Well 2015 will soon be coming to its end, opening its doors to a new year ahead, to 2016.
A new year brings with it the idea of all kinds of possibilities and wonder. What will happen in the next year of our lives? A new chapter. This brings me to the idea of New Year resolutions. Why do we make them? What is it about beginning a new year that urges us to seek change? Sure enough a new year presents a clear date from which to begin our change, it also presents the idea of a new beginning, a fresh start, but along with the new year a certain pressure arises that this year must better than the last, that this year ahead will bring with it everything that the previous year did not, and that we will work harder, play harder, exercise, save more money, and achieve what we did not, for whatever reason, in the last.
How many of us have made New Year resolutions in previous years? Do we stick with them? Are we making them for ourselves or for other people? This is an important point which applies to many aspects of life, if we do something for ourselves then we are more likely to see it through, it is when we start doing things for others or for the wrong reasons that plans can go awry.  
Of course change can happen at any time of the year, but it is often the significance of an event which drives us, not necessarily a new year, perhaps a birthday, or even a death; it is often these landmarks in our lives which make us ask ‘am I living my life the way I really want to?’

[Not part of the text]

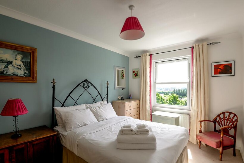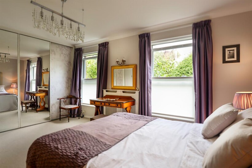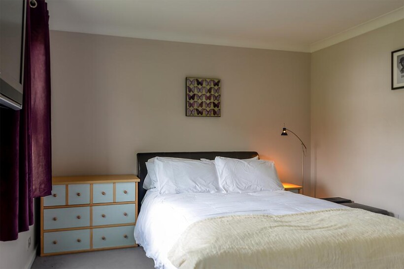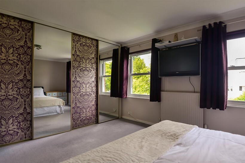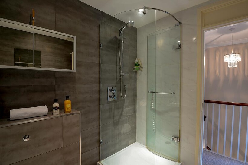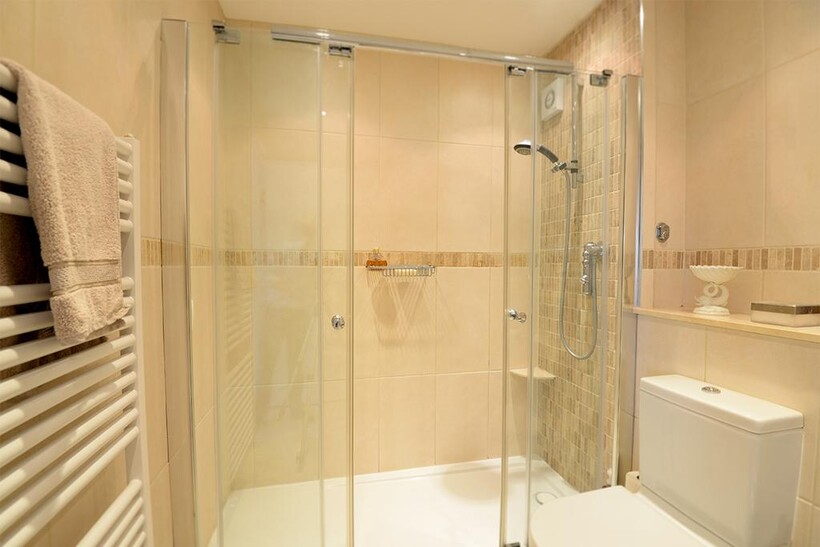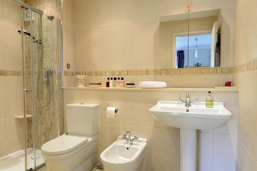 On the 2nd floor are two further bedrooms, one with a 5ft wide and a large TV on the wall and another bedroom with a standard sized double bed. These bedrooms share a bathroom with a shower cubicle, basin, bath and WC.

I am currently reading The Schopenhauer Cure by Irvin D Yalom, in the book there is a sentence in which a person suggests that we should live our lives in such a way that we would be happy to repeat the same life eternally, how interestingly thought provoking! How many of us would genuinely be able to say that we would be happy to live our lives exactly the same, with no changes, over and over again and again?
That fact that we seek change, we continue to better ourselves, enhance our knowledge through work and education, that we hope to earn more money suggests to me that the majority would not be thrilled with this idea, that we would welcome the opportunity to live again to right the wrongs; to have another chance at it, to learn from our previous experiences; to do it better. But we can learn, we can use our experiences of the years past to start afresh in this New Year ahead, and whatever it is which motivates and drives us, we can strive to live a happy, if not necessarily better life.

Whether you choose to make New Year resolutions or not, I hope that you all have a happy new year. Will I be making any? I strive to be more organised in my work, is it a resolution? Not really, more of an ongoing aim! I’m a great believer in SMART goals! My only goal for 2016 is to be as happy as I can be, I don’t think that this is too much to ask?!